COMPARISON 1: SUPERVISED CLASSIFICATION

======================================================================

Testing BoW:

—————————————————————————

Logistic Regression | Acc: 0.982 | F1: 0.982 | Practice: 0.86s

Random Forest | Acc: 0.973 | F1: 0.973 | Practice: 2.20s

SVM | Acc: 0.984 | F1: 0.984 | Practice: 2.02s

Testing TF–IDF:

—————————————————————————

Logistic Regression | Acc: 0.984 | F1: 0.984 | Practice: 0.52s

Random Forest | Acc: 0.978 | F1: 0.977 | Practice: 1.79s

SVM | Acc: 0.987 | F1: 0.987 | Practice: 2.99s

Testing LLM Embeddings:

—————————————————————————

Logistic Regression | Acc: 0.982 | F1: 0.982 | Practice: 0.27s

Random Forest | Acc: 0.960 | F1: 0.959 | Practice: 5.21s

SVM | Acc: 0.980 | F1: 0.980 | Practice: 0.15s

Enter code for visualizing outcomes:

# Creating visualization plots for direct comparability fig, axes = plt.subplots(1, 2, figsize=(16, 6)) # Plot 1: Accuracy comparability pivot_acc = results_df.pivot(index=’Classifier’, columns=”Illustration”, values=”Accuracy”) pivot_acc.plot(form=’bar’, ax=axes[0], width=0.8) axes[0].set_title(‘Classification Accuracy by Illustration’, fontsize=14, fontweight=”daring”) axes[0].set_ylabel(‘Accuracy’) axes[0].set_xlabel(‘Classifier’) axes[0].legend(title=”Illustration”) axes[0].grid(axis=”y”, alpha=0.3) axes[0].set_ylim([0.9, 1.0]) # Plot 2: Coaching time comparability pivot_time = results_df.pivot(index=’Classifier’, columns=”Illustration”, values=”Practice Time”) pivot_time.plot(form=’bar’, ax=axes[1], width=0.8, colour=[‘#1f77b4’, ‘#ff7f0e’, ‘#2ca02c’]) axes[1].set_title(‘Coaching Time by Illustration’, fontsize=14, fontweight=”daring”) axes[1].set_ylabel(‘Time (seconds)’) axes[1].set_xlabel(‘Classifier’) axes[1].legend(title=”Illustration”) axes[1].grid(axis=”y”, alpha=0.3) plt.tight_layout() plt.present() # Figuring out finest performers print(“nBEST PERFORMERS:”) print(“-” * 50) best_acc = results_df.loc[results_df[‘Accuracy’].idxmax()] print(f”Finest Accuracy: {best_acc[‘Representation’]} + {best_acc[‘Classifier’]} = {best_acc[‘Accuracy’]:.3f}”) quickest = results_df.loc[results_df[‘Train Time’].idxmin()] print(f”Quickest Coaching: {quickest[‘Representation’]} + {quickest[‘Classifier’]} = {quickest[‘Train Time’]:.2f}s”)

# Creating visualization plots for direct comparability

fig, axes = plt.subplots(1, 2, figsize=(16, 6))

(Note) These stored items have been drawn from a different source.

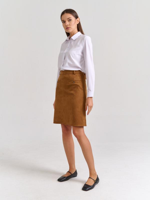 Женская вельветовая юбка прямого силуэта на подкладке с притачным поясом и шлевками. Застежка расположена спереди по среднему шву на молнию и закрепляется пуговицей. Прекрасный повседневный офисный вариант, с накладными карманами сзади и очень удобными функциональными карманами спереди.Рубашка арт.976-1135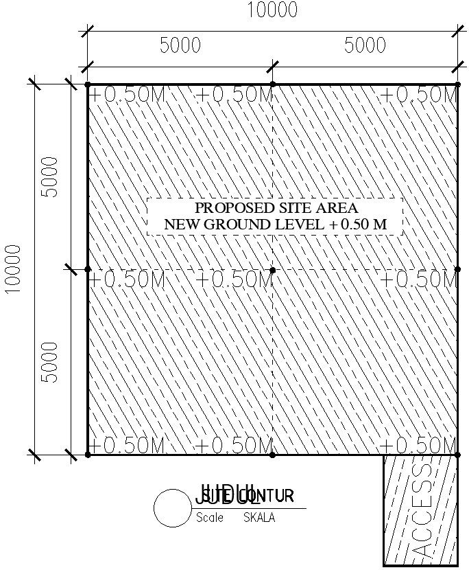 proposed site area of residential including in this drawing show differant layers of site area , new ground area is +0.50 M The site should be on elevated ground.It should have slope towards front street to afford good facility of drainage. Sites nearer to ponds ,pools of water,water logged areas must be avoided as they remain in damp condition . Sites near to high voltage power transmission lines are avoided. for more details of proposed site area of residential house download Autocad file ,cad drawing , dwg format .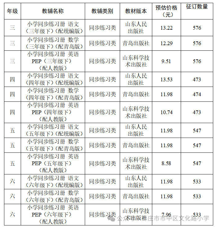 【教材教辅】文化路小学2026年春季教辅资料征订结果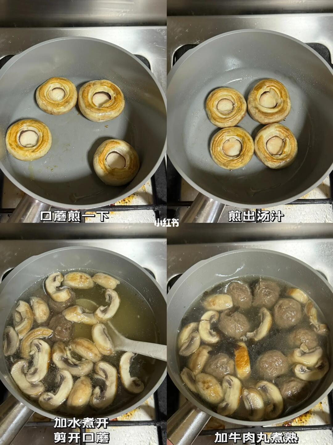 天冷了,就喜欢喝点暖暖的汤 这个汤又简单又好喝 🗒️食材:口蘑/牛肉丸/香菜/紫菜 👩🏻🍳制作: 1️⃣口蘑煎至两面金黄 2️⃣翻过来碗口朝上煎出汤汁 3️⃣加水煮开放入牛肉丸煮熟,口蘑剪碎 4️⃣加盐和白胡椒 出锅撒上香菜,非常鲜美

# Plot 1: Accuracy comparability

pivot_acc = results_df.pivot(index=‘Classifier’, columns=‘Illustration’, values=‘Accuracy’)

pivot_acc.plot(form=‘bar’, ax=axes[0], width=0.8)

axes[0].set_title(‘Classification Accuracy by Illustration’, fontsize=14, fontweight=‘daring’)

axes[0].set_ylabel(‘Accuracy’)

axes[0].set_xlabel(‘Classifier’)

axes[0].legend(title=‘Illustration’)

axes[0].grid(axis=‘y’, alpha=0.3)

axes[0].set_ylim([0.9, 1.0])

# Plot 2: Coaching time comparability

pivot_time = results_df.pivot(index=‘Classifier’, columns=‘Illustration’, values=‘Practice Time’)

pivot_time.plot(form=‘bar’, ax=axes[1], width=0.8, colour=[‘#1f77b4’, ‘#ff7f0e’, ‘#2ca02c’])

axes[1].set_title(‘Coaching Time by Illustration’, fontsize=14, fontweight=‘daring’)

axes[1].set_ylabel(‘Time (seconds)’)

axes[1].set_xlabel(‘Classifier’)

axes[1].legend(title=‘Illustration’)

axes[1].grid(axis=‘y’, alpha=0.3)

plt.tight_layout()

plt.present()

# Figuring out finest performers

print(“nBEST PERFORMERS:”)

print(“-“ * 50)

best_acc = results_df.loc[results_df[‘Accuracy’].idxmax()]

print(f“Finest Accuracy: {best_acc[‘Representation’]} + {best_acc[‘Classifier’]} = {best_acc[‘Accuracy’]:.3f}”)

quickest = results_df.loc[results_df[‘Train Time’].idxmin()]

print(f“Quickest Coaching: {quickest[‘Representation’]} + {quickest[‘Classifier’]} = {quickest[‘Train Time’]:.2f}s”)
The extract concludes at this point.